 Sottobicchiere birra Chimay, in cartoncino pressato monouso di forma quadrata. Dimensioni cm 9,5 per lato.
--- --- ---
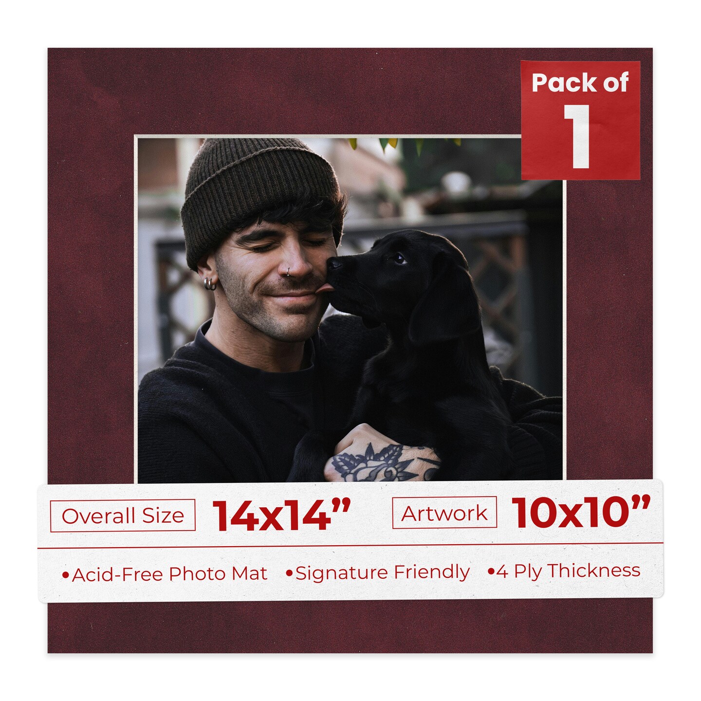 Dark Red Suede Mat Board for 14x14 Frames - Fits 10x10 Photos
--- --- ---
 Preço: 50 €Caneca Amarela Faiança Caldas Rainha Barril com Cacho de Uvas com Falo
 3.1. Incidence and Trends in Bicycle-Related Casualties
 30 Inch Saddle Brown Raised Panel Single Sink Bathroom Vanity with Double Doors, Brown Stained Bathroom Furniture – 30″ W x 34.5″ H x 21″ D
--- --- ---
▶ **YOUR GOAL**: Give back exactly the lines of the listing above that run from the line with "3.1. Incidence and" to the line with "30 Inch Saddle", inclusive.

▶ **SOLUTION TO THE PROBLEM**:
 3.1. Incidence and Trends in Bicycle-Related Casualties
 30 Inch Saddle Brown Raised Panel Single Sink Bathroom Vanity with Double Doors, Brown Stained Bathroom Furniture – 30″ W x 34.5″ H x 21″ D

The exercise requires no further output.